*RECORD EXTRACTS*:

┄┄┄┄┄┄┄┄┄┄┄┄┄┄┄┄┄┄┄┄

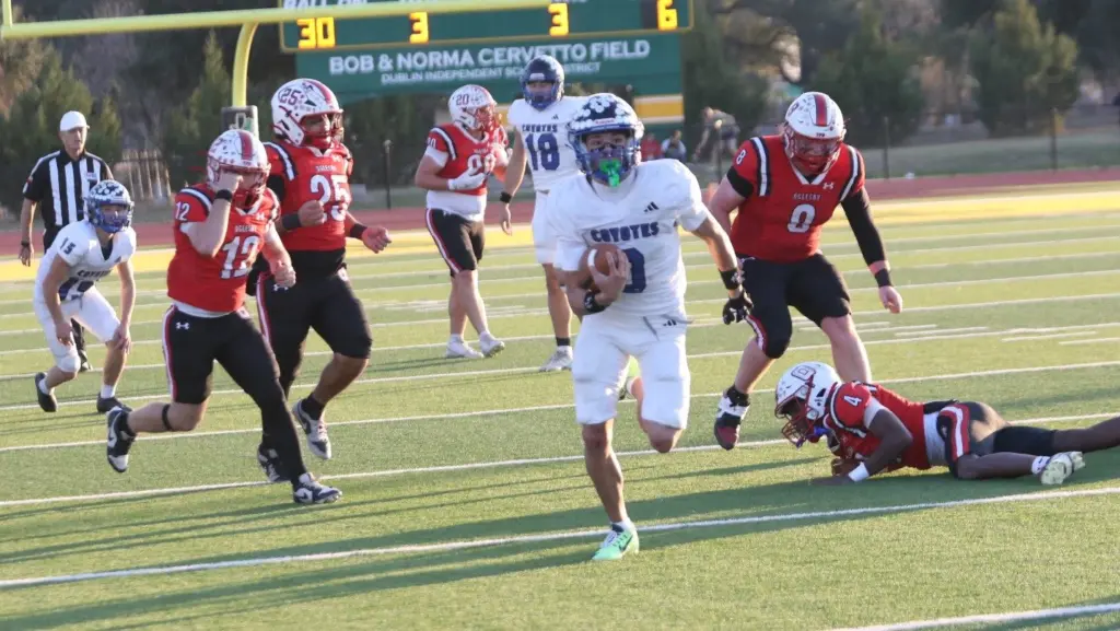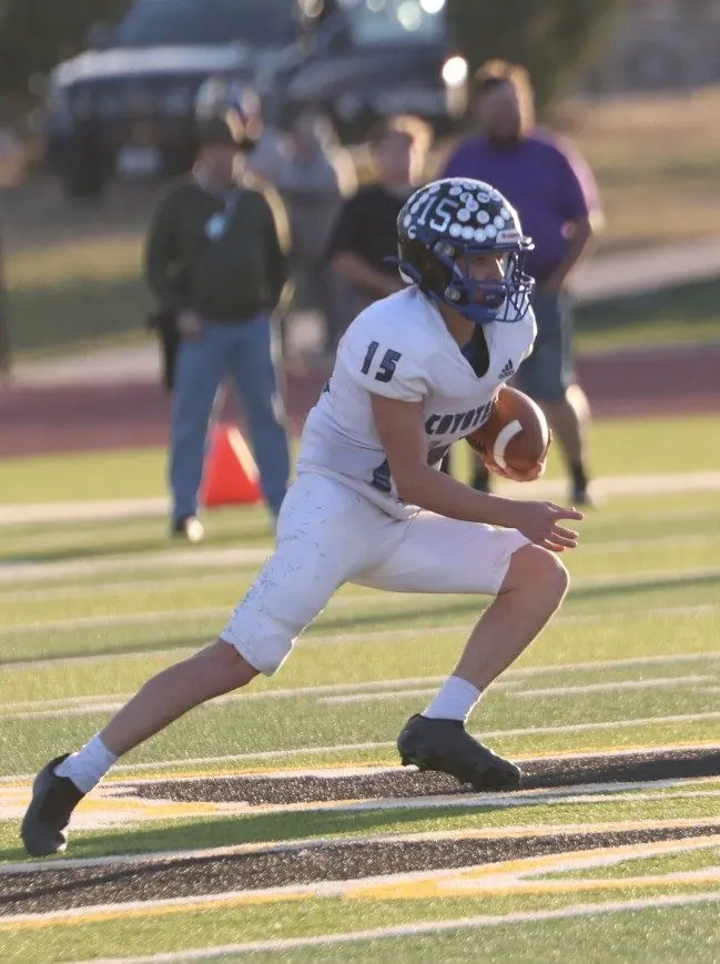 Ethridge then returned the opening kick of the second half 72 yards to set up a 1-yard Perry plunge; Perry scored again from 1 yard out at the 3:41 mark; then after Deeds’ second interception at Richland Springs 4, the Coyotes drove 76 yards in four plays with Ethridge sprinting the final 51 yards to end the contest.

┄┄┄┄┄┄┄┄┄┄┄┄┄┄┄┄┄┄┄┄

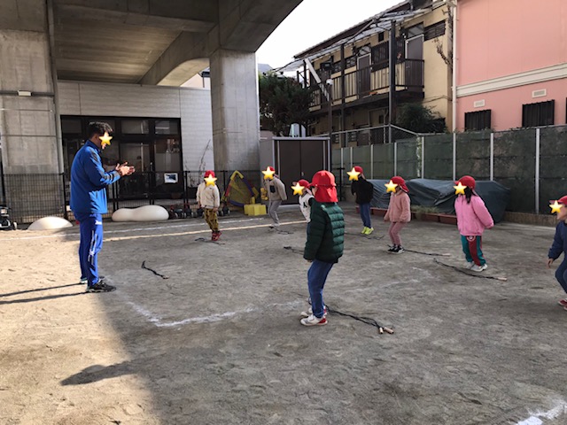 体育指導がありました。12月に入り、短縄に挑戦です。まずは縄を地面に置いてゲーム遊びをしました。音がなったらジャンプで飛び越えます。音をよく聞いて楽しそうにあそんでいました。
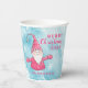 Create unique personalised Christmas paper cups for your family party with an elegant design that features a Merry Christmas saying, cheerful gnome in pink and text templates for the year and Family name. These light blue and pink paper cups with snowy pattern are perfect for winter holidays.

┄┄┄┄┄┄┄┄┄┄┄┄┄┄┄┄┄┄┄┄

Work from the entries above. Set down exactly and only the lines from the line with "体育指導がありました。12月" to the line with "Create unique personalised", both included, and leave the pictures out.

 体育指導がありました。12月に入り、短縄に挑戦です。まずは縄を地面に置いてゲーム遊びをしました。音がなったらジャンプで飛び越えます。音をよく聞いて楽しそうにあそんでいました。
 Create unique personalised Christmas paper cups for your family party with an elegant design that features a Merry Christmas saying, cheerful gnome in pink and text templates for the year and Family name. These light blue and pink paper cups with snowy pattern are perfect for winter holidays.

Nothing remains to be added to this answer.